• **DATA BELOW**:
● ● ● ● ● ● ●
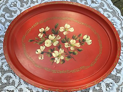 Red Metal Nash Company Tray with Hand Painted Flowers
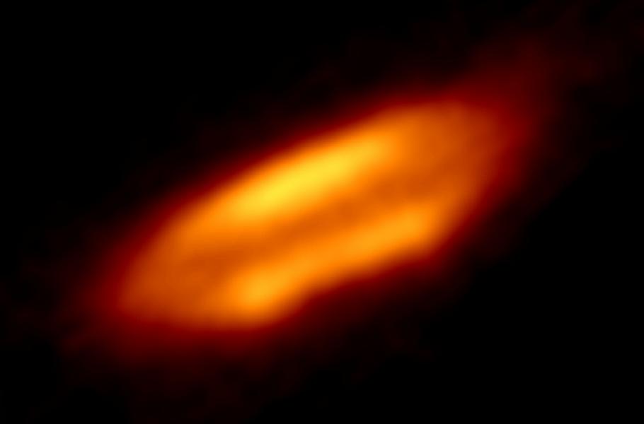 Bližší pohled na HH 212 odhaluje výrazný tmavší, chladnější prachový pás, který se táhne přes disk, směstnaný mezi dvěma jasnějšími oblastmi, které jsou ohřáté protohvězdou. Výsledek připomíná kosmický hamburger. Je to poprvé, co astronomové pozorovali podobný prachový pás v nejranějších fázích tvorby hvězd.
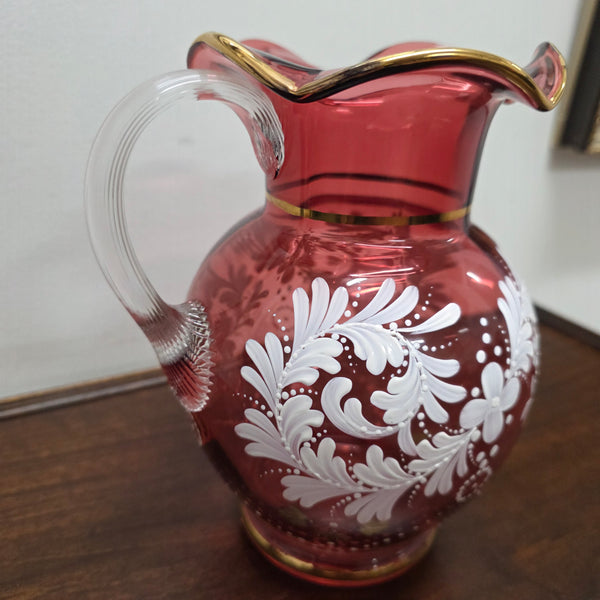 Vintage Ruby & Enamel Painted Glass Jug
● ● ● ● ● ● ●
• **ABOUT THIS EXERCISE**:
Exactly as written, restate the listing above with its pictures omitted.

• **RESULT FOR THIS TASK**:
 Red Metal Nash Company Tray with Hand Painted Flowers
 Bližší pohled na HH 212 odhaluje výrazný tmavší, chladnější prachový pás, který se táhne přes disk, směstnaný mezi dvěma jasnějšími oblastmi, které jsou ohřáté protohvězdou. Výsledek připomíná kosmický hamburger. Je to poprvé, co astronomové pozorovali podobný prachový pás v nejranějších fázích tvorby hvězd.
 Vintage Ruby & Enamel Painted Glass Jug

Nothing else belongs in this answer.